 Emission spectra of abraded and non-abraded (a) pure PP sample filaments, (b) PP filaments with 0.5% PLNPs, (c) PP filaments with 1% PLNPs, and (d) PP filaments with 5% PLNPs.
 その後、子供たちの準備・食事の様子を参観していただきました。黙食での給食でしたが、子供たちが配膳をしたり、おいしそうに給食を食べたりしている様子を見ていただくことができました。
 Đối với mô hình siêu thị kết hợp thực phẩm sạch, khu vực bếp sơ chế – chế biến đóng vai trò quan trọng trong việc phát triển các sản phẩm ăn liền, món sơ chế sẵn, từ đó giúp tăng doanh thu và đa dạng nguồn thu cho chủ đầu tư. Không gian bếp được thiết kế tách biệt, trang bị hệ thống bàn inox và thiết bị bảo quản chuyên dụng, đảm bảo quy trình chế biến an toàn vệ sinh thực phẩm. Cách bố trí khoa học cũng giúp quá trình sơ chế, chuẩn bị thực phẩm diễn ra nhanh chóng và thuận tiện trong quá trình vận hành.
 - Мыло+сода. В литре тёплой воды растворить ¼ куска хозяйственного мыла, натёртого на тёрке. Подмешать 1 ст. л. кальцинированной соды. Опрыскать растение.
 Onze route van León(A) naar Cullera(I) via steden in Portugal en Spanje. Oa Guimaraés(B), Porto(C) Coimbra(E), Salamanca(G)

┄┄┄┄┄┄┄┄┄┄┄┄┄┄┄┄┄┄┄┄

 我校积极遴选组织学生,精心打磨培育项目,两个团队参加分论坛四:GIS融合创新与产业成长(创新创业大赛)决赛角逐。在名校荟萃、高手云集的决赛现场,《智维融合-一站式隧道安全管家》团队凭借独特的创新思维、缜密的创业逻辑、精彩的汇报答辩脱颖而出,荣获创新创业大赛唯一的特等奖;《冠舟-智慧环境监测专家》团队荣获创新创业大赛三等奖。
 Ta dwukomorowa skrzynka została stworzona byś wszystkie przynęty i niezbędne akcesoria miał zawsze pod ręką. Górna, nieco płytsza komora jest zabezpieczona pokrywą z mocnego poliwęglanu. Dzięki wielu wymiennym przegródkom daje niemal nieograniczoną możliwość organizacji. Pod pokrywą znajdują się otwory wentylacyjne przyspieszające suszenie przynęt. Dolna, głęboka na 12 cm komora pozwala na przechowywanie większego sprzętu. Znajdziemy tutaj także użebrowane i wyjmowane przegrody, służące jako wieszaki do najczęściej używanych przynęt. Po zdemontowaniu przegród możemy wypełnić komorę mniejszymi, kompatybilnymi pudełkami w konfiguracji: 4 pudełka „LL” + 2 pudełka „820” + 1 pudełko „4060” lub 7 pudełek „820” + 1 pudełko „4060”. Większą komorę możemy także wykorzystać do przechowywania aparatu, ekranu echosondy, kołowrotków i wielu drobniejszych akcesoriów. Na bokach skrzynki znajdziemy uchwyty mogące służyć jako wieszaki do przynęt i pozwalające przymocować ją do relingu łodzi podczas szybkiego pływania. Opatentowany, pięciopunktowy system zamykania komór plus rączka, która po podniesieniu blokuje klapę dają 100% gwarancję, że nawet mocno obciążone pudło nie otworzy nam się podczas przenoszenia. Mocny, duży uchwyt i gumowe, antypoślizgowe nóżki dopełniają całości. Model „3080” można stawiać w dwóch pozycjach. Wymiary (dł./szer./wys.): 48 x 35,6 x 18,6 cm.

┄┄┄┄┄┄┄┄┄┄┄┄┄┄┄┄┄┄┄┄

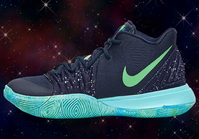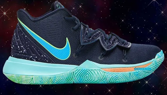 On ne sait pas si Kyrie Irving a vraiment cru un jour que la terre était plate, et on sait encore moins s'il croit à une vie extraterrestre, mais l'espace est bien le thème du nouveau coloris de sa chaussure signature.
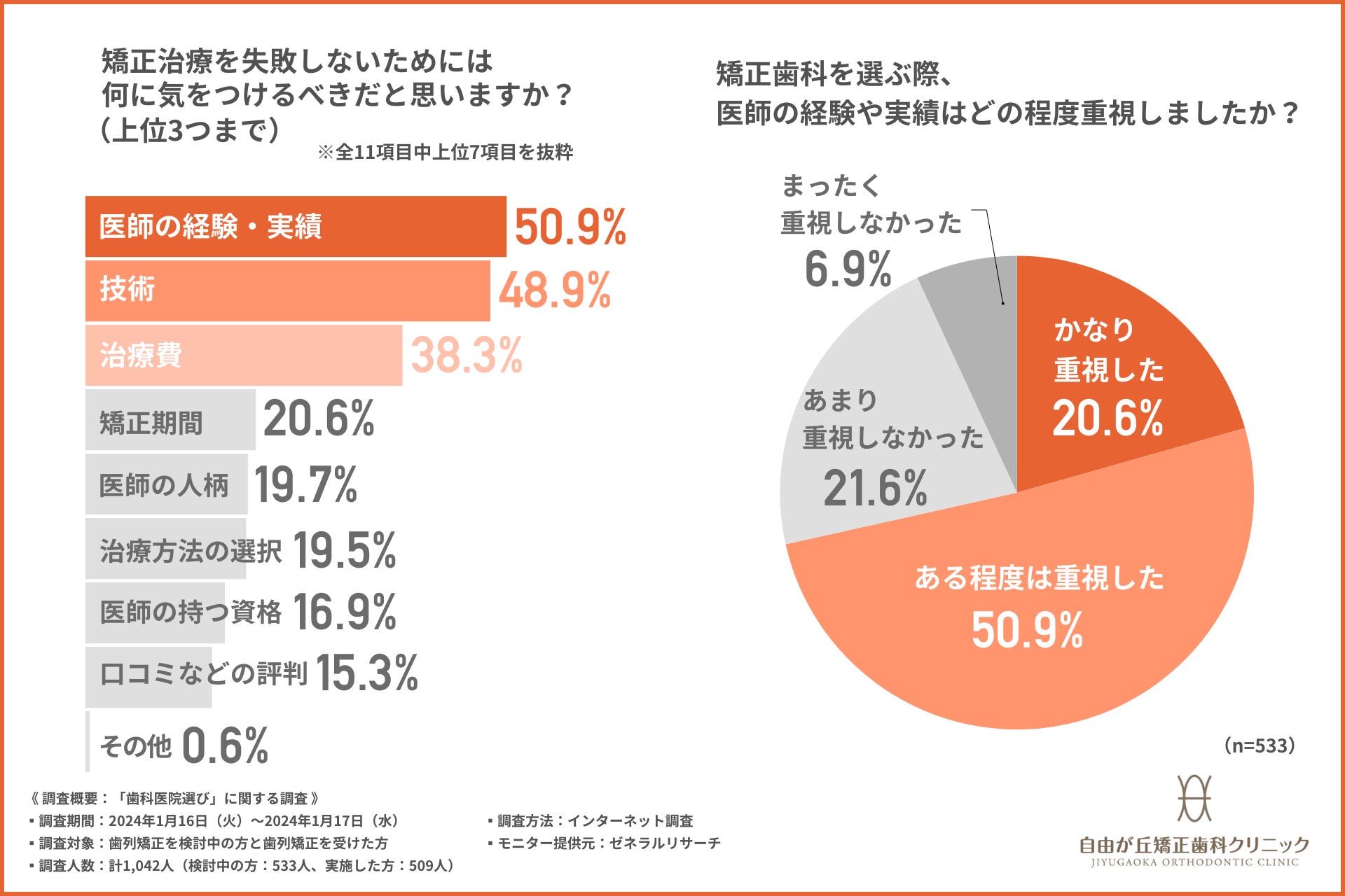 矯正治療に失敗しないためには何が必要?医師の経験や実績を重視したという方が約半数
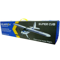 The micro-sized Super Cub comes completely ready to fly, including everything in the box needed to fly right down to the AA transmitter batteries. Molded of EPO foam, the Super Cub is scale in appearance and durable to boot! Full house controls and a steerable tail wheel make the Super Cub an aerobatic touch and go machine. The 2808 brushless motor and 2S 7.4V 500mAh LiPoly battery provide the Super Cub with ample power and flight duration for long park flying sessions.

┄┄┄┄┄┄┄┄┄┄┄┄┄┄┄┄┄┄┄┄

**Exercise objective:** Using the entries above, transcribe every line from the line containing "On ne sait pas" through the line containing "The micro-sized Super". Do not copy pictures.

**Response area:**
 On ne sait pas si Kyrie Irving a vraiment cru un jour que la terre était plate, et on sait encore moins s'il croit à une vie extraterrestre, mais l'espace est bien le thème du nouveau coloris de sa chaussure signature.
 矯正治療に失敗しないためには何が必要?医師の経験や実績を重視したという方が約半数
 The micro-sized Super Cub comes completely ready to fly, including everything in the box needed to fly right down to the AA transmitter batteries. Molded of EPO foam, the Super Cub is scale in appearance and durable to boot! Full house controls and a steerable tail wheel make the Super Cub an aerobatic touch and go machine. The 2808 brushless motor and 2S 7.4V 500mAh LiPoly battery provide the Super Cub with ample power and flight duration for long park flying sessions.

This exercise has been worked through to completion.